Thon Ratha, Phuong Keo Reaksmey, and Long Khunthea will not travel to Sweden for the prestigious Right Livelihood Award. They are currently serving a 14-month suspended sentence and a three-year travel ban for raising environmental awareness. Meanwhile, Vietnam detains green energy expert Ngô Thị Tố Nhiên, a sixth environmentalist jailed in two years.

 

Phnom Penh (AsiaNews) – A Cambodian court has denied travel papers to three environmentalists, recipients of the so-called alternative Nobel. All three were convicted with a suspended sentence and a foreign travel ban for their activism and awareness raising on environmental issues.
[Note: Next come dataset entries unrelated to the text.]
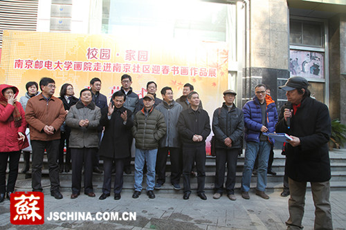 主辦方負責人翟優介紹,高校的藝術教師既承擔著教書育人的重任,同時也是文藝創作的重要力量,“我們要努力踐行習近平總書記“把為人民服務作為文藝工作者的天職。”的要求,這也是本次畫展舉辦之重要意旨。校園之外,社區和社會是我們更大的家園,是藝術的創作之源和價值所在。”因此,畫院特于2015年新年到來之際,于全國首家民辦社區文化藝術中心-南京金盞花文化藝術中心舉辦“校園·家園——南京郵電大學畫院走進南京社區迎春書畫作品展”,面向社會,面向大眾,弘揚真善美,傳播正能量,為實現中國夢的江蘇篇章做出積極的貢獻。
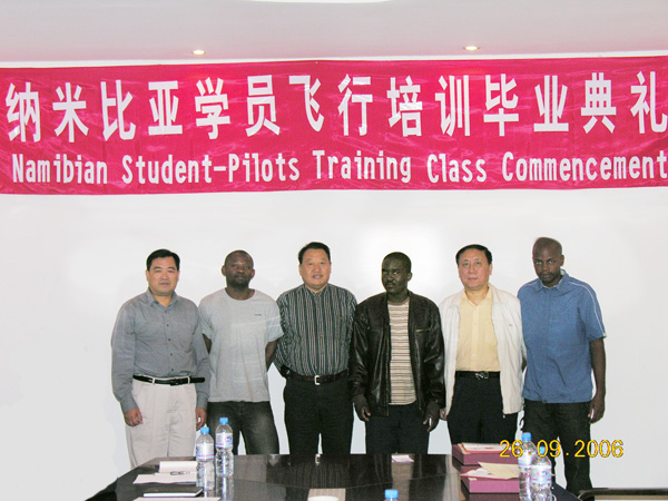 2006年9月26日上午,安阳航校为纳米比亚飞行学员举行了毕业典礼。全体校领导、中航技领导、飞行教官和有关科室领导参加了毕业典礼,毕业典礼由金达敏副校长主持,训练科长李善民分别宣布了3名学员的学习成绩;学生代表、教官代表先后发言,学员代表绍西尼在发言中讲到“安阳航校给他们留下了深刻印象,永远不会忘记自己的母校”;金嘉庆处长代表中国航空技术进出口总公司,向安阳航校给予的大力支持和教官的耐心施教表示感谢;于宗镭校长代表安阳航校对学员取得的优异成绩表示祝贺,并为学员颁发了毕业证书和纪念品。 卡飞塔(K.HAITA ) 、努乔马(PN.Nuyoma ) 、绍西尼(P.Saushini) 三名学员于2006年5月15日来到安阳航空运动学校(中国航空技术进出口总公司安阳飞行培训基地),进行R-22直升机飞行培训,历时近5个月的时间,完成了航空理论学习、直升机悬停起落、航行、夜航、机动飞行等专业科目训练,每人飞行 75小时,较熟练掌握了R-22直升机飞行技能。
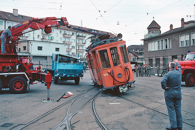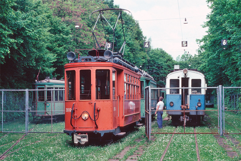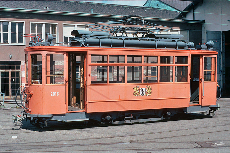 Aus dem ehemaligen Be 2/2 172 mit Druckluftbremse wurde der Rangier-Motorwagen Xe 2/2 2016 für die Hauptwerkstätte Klybeck. Am 17. Mai 1989 hilft er beim Umstellen von Fahrzeugen des Tramclub Basel in der Abstellanlage Eglisee.
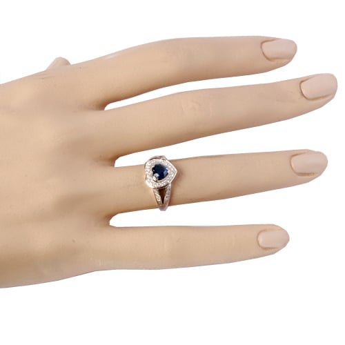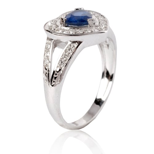 Cette bague saphir et diamants en forme de cœur est une véritable déclaration d’amour, alliant douceur et élégance.
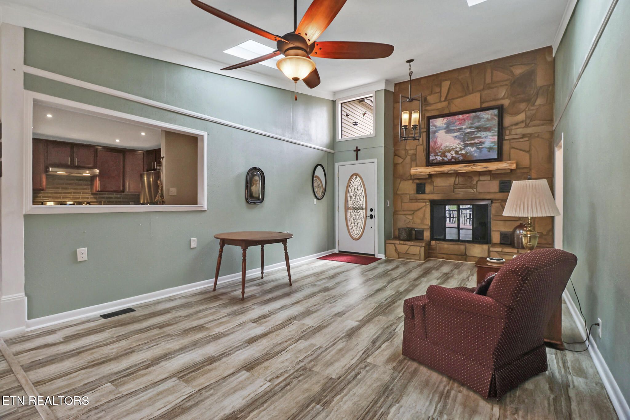 CUTE AND COZY UPDATED RANCH WITH 3 BEDROOMS AND 3 BATHS! Two of the 3 bedrooms are primary bedrooms, one has its own private entrance to the exterior. Large totally remodeled kitchen with plenty of cabinets and a breakfast bar too that's open to the dining/great room with a floor to ceiling fireplace that adds dimension to the room with LTV laminate flooring. The exterior is very unique with a front patio with TREX decking and the back deck (not TREX) leads to a sliding glass door to the encapsulated crawlspace with many options for you such as a workshop and plenty of storage with a dehumidifier. OTHER UPDATES: HVAC- 11/2024 (5-year Warranty which is transferable) Roof 10/2021, breaker box and some wiring updates) COME AND SEE FOR YOURSELF!!

The three were due to travel to Sweden next month for the prestigious Right Livelihood Award, the Associated Press (AP) reported. However, Phnom Penh Municipal Court’s chief prosecutor, Chreung Khmao, ruled that the visit was “not necessary", despite a request by their lawyers.

Thon Ratha, 31, Phuong Keo Reaksmey, 22, and Long Khunthea, 25, had applied to travel from 24 November to 1 December to receive the prize, better known as the alternative Nobel in the fields of environment and ecology.

All three are members of Mother Nature Cambodia, an NGO that shared the 2023 edition of the much-coveted award with Phyllis Omido, a Kenyan community activist, and SOS Méditerranée, a humanitarian group that rescues migrants in the Mediterranean Sea.

The Stockholm-based Right Livelihood Foundation chose the NGO for its “fearless and engaging activism to preserve Cambodia’s natural environment in the context of a highly restricted democratic space.”

This contains an implicit reference to the regime once headed by former Prime Minister Hun Sen, who resigned this year to make way for his son Hun Manet, a budding dynasty that has always shown zero tolerance towards protests, human rights, and environmental issues.

In June 2021, the three award recipients were convicted of inciting others to commit a felony as part of their work to protect the country’s natural environment between 2017 and 2020.

In December of last year, their appeal was turned down but their 14-month sentence was suspended. They are still banned from travelling abroad for three years.

Am Sam Ath, a senior member of Licadho, a Cambodian human rights group, bemoans the court’s decision. In his view, the three should have been encouraged to go for the sake of the country and as a good example for new generations.

Meanwhile, even in Vietnam, the authorities continue their crackdown against environmentalists. Thị To Nhiên, who works with United Nations on a US$ 15.5 billion project to eliminate fossil fuels, was the prime target.

The executive director of an energy policy think tank was detained and could face charges of “appropriating documents of agencies and organisations,” a Vietnamese Ministry of Public Security spokesman told reporters.

Her arrest shows that Vietnamese authorities will not tolerate environmentalists, so much so that some six, including Thị, have been arrested or charged in the last two years on trumped-up evidence.

The other five were charged with tax evasion, including climate activist Hoàng Thị Minh Hồng, who was recently handed down a three-year prison sentence.

Nhiên, who has worked as a researcher for the World Bank and USAID, is the executive director of the Vietnam Initiative for Energy Transition.

She was arrested on 15 September in the capital, a few days after US President Joe Biden’s visit to Hanoi (hailed as a diplomatic success in the media), during which he raised human rights and environmental issues with his Vietnamese hosts, who made pledges on human rights, seemingly not respected.